Scott Shetler of PopCrush said: "Guetta wisely avoids the synth loops on the mid-tempo track 'Repeat' and instead lets Jessie J show off her voice: "I wanna know was I the one, or just the chick on the side? / I gave it all, broke it down my walls, don't you dare say I didn't try." An infectious hook makes 'Repeat' one of the most fun-sounding breakup songs we can remember." Digital Spy's Robert Copsey gave a review: "A combination of a chill melody, emotional vocals, and a more progressive tune make this a first for Guetta. "Repeat" reminds us a little of "When Love Takes Over", not as big room but same sort of transition.
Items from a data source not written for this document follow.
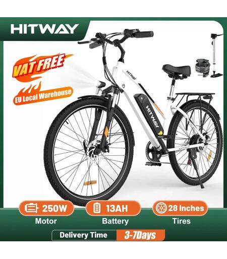 HITWAY Vélo Électrique, 28" Vélos à Assistance Électrique, Ville E-Bike avec Batterie Amovible 36V 13Ah, Moteur 250W, 7 Vitesses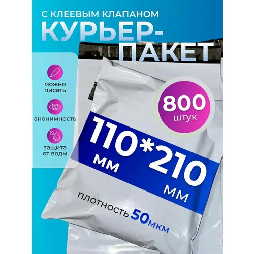 Белый курьер-пакет Стандарт 50мкм 110х210 мм -400 шт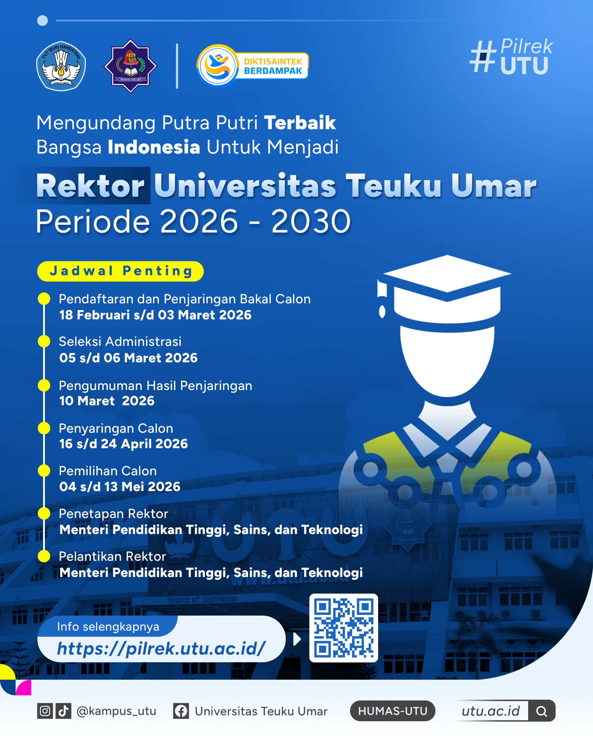| Penetapan dan Pelantikan calon Rektor terpilih sebagai Rektor Universitas Teuku Umar periode Tahun 2026-2030 oleh Menteri Kementerian Pendidikan Tinggi, Sains, dan Teknologi. | – menyesuaikan jadwal Menteri | |

While the vocals of Jessie J are pleasant, they don't lead us to believe that this will be any sort of genre transcending track."

== Chart performance ==
In the United Kingdom, "Repeat" peaked at number 108 on the UK Singles Chart on 9 October 2011. It also charted on the Europe Top 100, where it peaked at number sixty-nine.

== Credits and personnel ==
Credits adapted from the album's liner notes.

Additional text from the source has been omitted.